When they were still present after the smoke bomb dissipated, it turned out a playoff was something that could be hashed out in 45 minutes at lunch. How many teams? Uh, four. What locations? Uh, rotating bowl sites. Done. Now what? Let's try to make our logo as titillating to 13-year-old boys as possible. Sounds good, everybody, let's all congratulate ourselves with million-dollar bonuses! And bananas, because while we're not literally orangutans, bananas are terrific!
They did this almost the instant their system spat out an LSU-Alabama rematch that the nation rejected in the television rankings. As soon as it became clear that they could make more money, all problems and issues magically evaporated. Expect the same in the weeks following a judge's gavel sometime in the next few years.

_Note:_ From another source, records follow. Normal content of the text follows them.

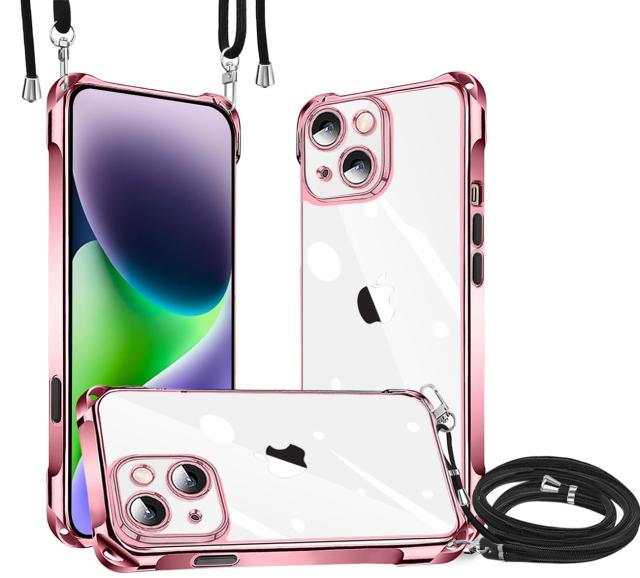 ◆商品名:i Phone 15 用 ケース クリア ショルダー TPU メッキ加工 カバー アイフォン 15 ストラップケース 新型韓国 チャーム シリーズ i Phone 15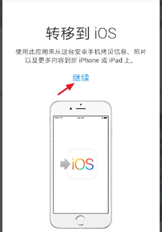 4、安装完成后,打开转移到iOS,点击【继续】。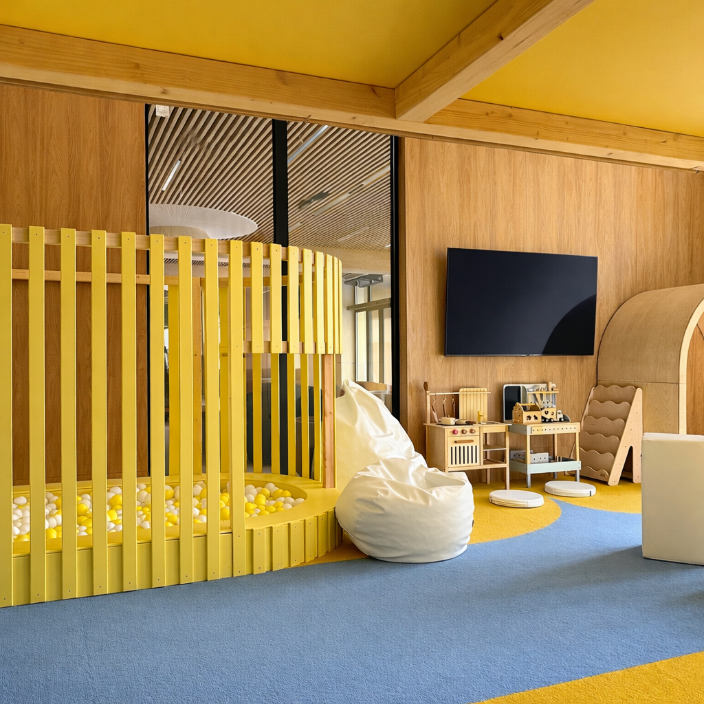 Sala zabaw została zaprojektowana z myślą o najmłodszych – to bezpieczna, estetyczna przestrzeń, w której dzieci mogą aktywnie spędzać czas niezależnie od pogody. To ogromna wartość zarówno dla rodzin, jak i dla właścicieli apartamentów przeznaczonych na wynajem.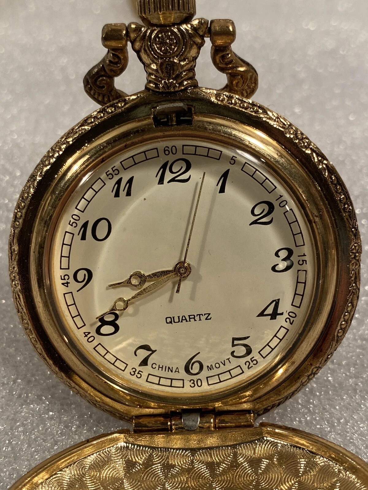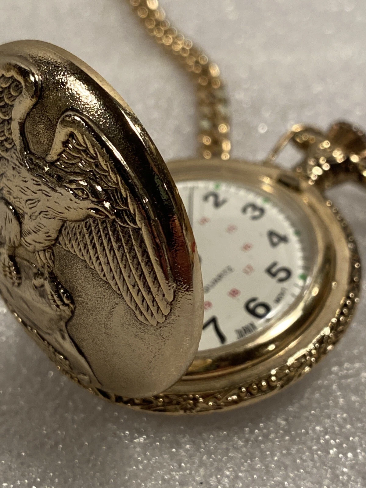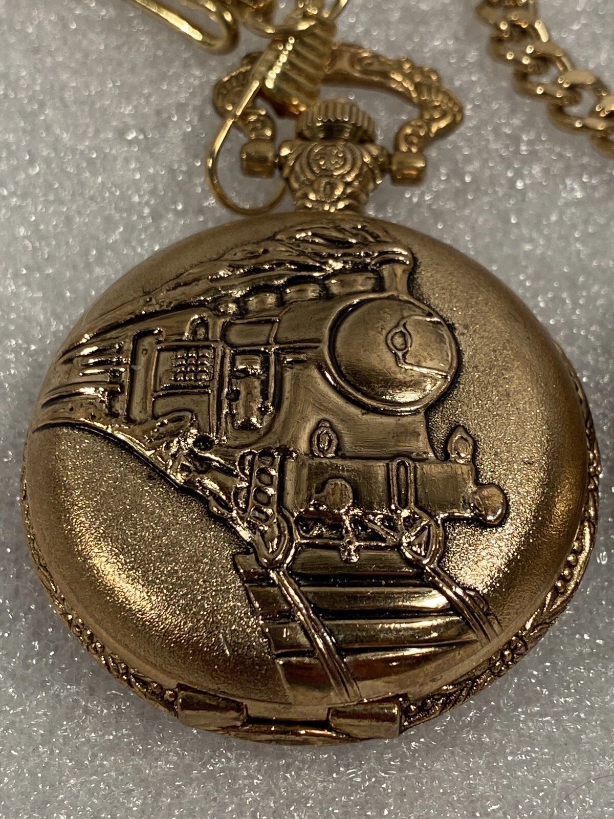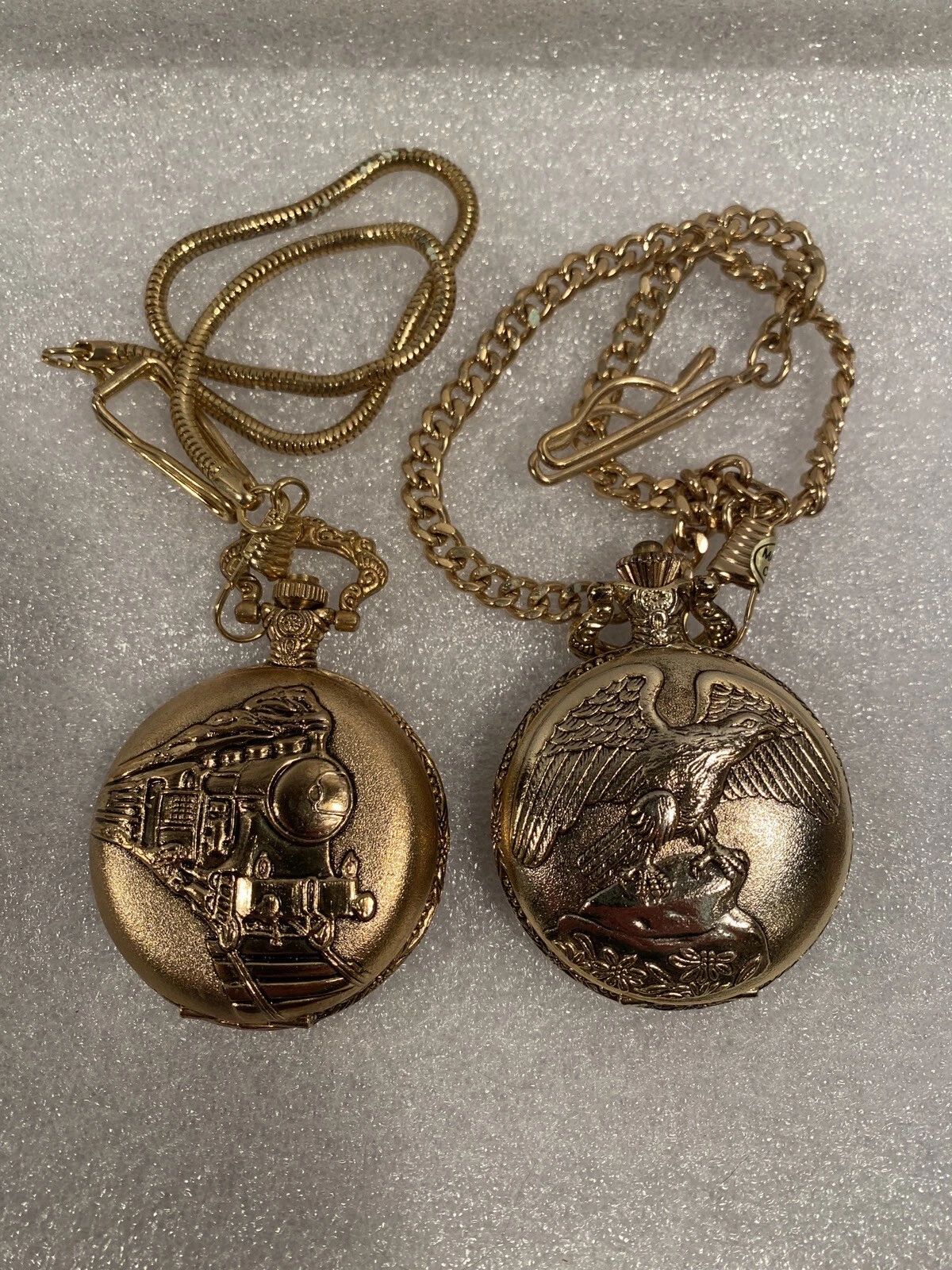 (2) Pocket Watches- Capezio Quartz (Golden Eagle) & Train Gold Tone. Chains.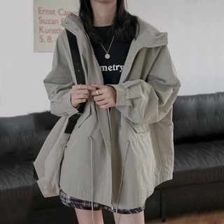 Áo Khoác Gió Ngắn Dáng Rộng Có Nón Cổ Đứng Thời Trang Xuân Thu Cho Nữ ES8Q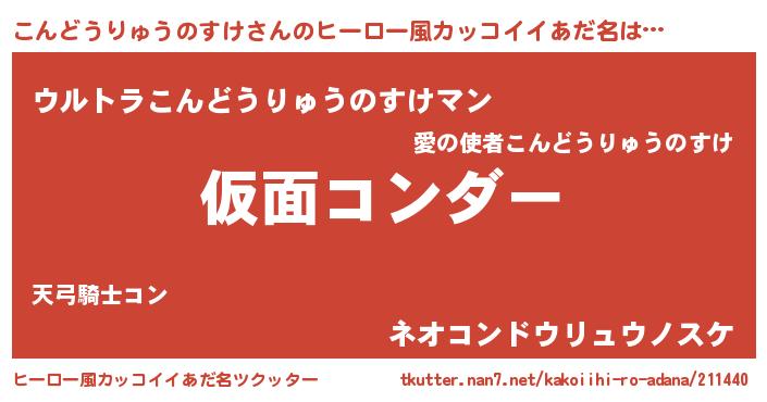 | 意味不明あだ名 | 『住所不定無職こんどうりゅうのすけ(9歳)』 |
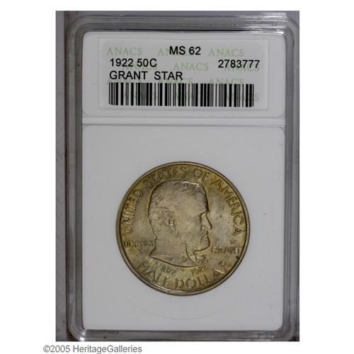 <B>1922<50C> Grant with Star MS62 ANACS.</B></I> Lime green toning covers this mark free example of the rare Grant w/star issue.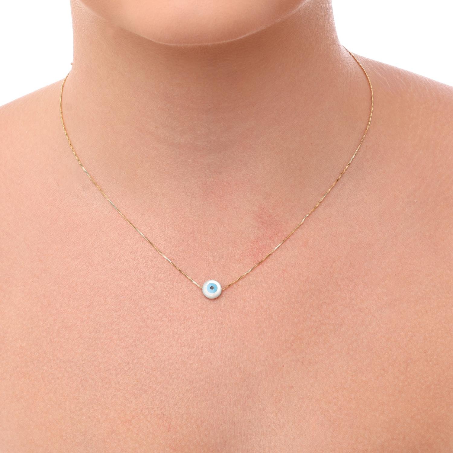 Encante-se com esse colar!Este lindo colar de olho grego em mafrepérola. é feito com LATÃO BANHADO A OURO 18K de alta qualidade.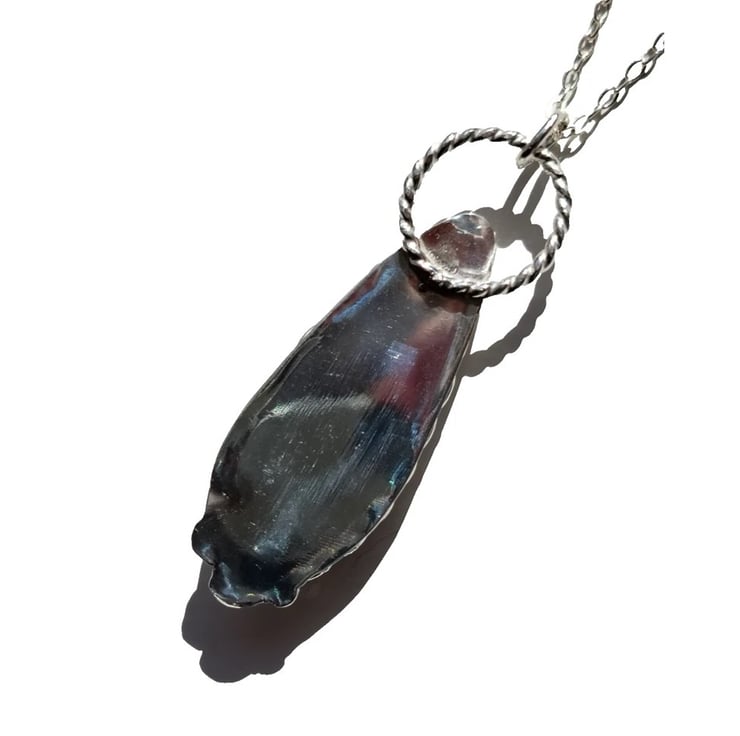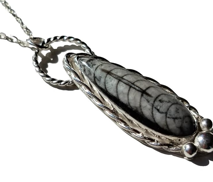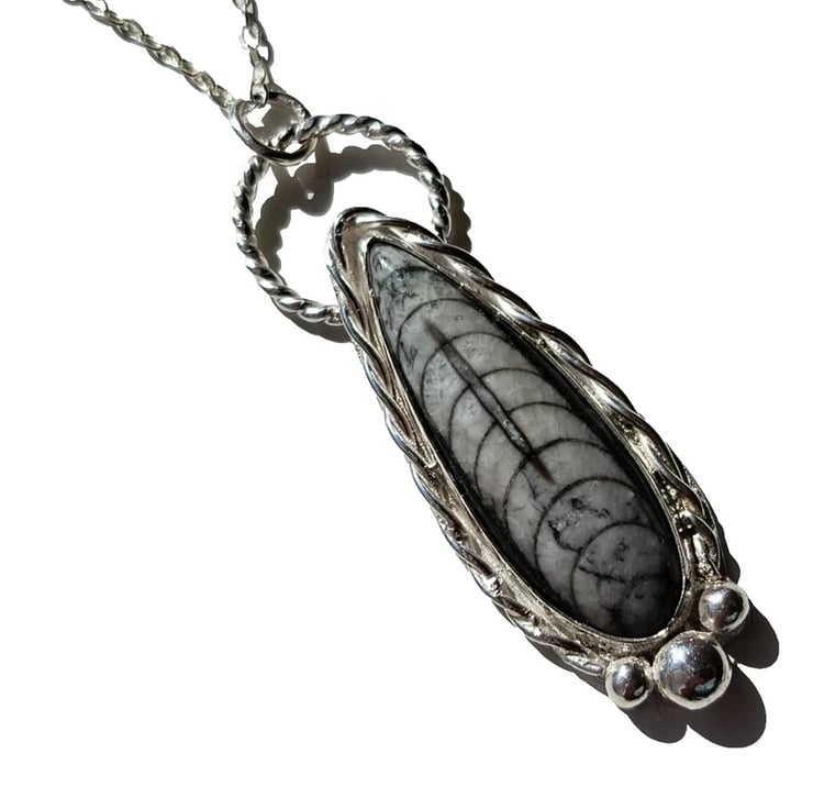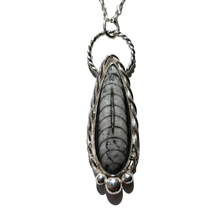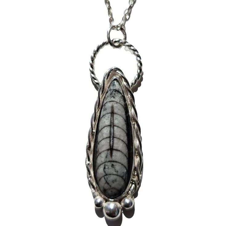 Orthoceras Fossil Necklace Jewellery Gift Recycled Silver Teardrop Pendant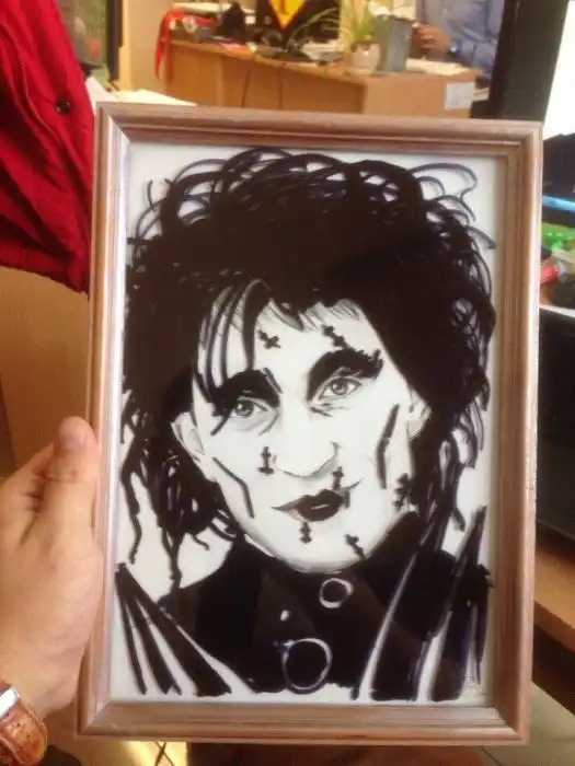 В одном офисе работник принёс свой портрет, который ему подарила одна из его поклонниц. Коллеги сразу не взлюбили этот портрет, потому что Алексей на портрете получился уж более, чем удачно. Каждый рабочий день коллеги пытались придать портрету Алексея новый облик.

A much-needed boost to Michigan's offensive line is apparently headed to the worst possible place:
Alabama transfer Chad Lindsay is expected to sign with Ohio State, per source. Buckeyes get new center for Braxton Miller
— Jeremy Fowler (@JFowlerCBS) April 22, 2014
Well played, Urban.
Running around in a circle is a little over the top, but only a little. That Lindsay rejected his former OC and an almost certain starting spot is alarming, and now Michigan enters next year with zero senior scholarship OL.
I suppose that it is in fact internally consistent that you would be dumb enough to say the things you are saying and also dumb enough to keep saying things. NCAA president Mark Emmert has escaped his holding pen and is making the most of it before he is tasered back into serene acceptance of fifty-dollar cucumber sandwich lunches. He's making the most of it by getting into rap battles with strawmen in front of microphones… and losing.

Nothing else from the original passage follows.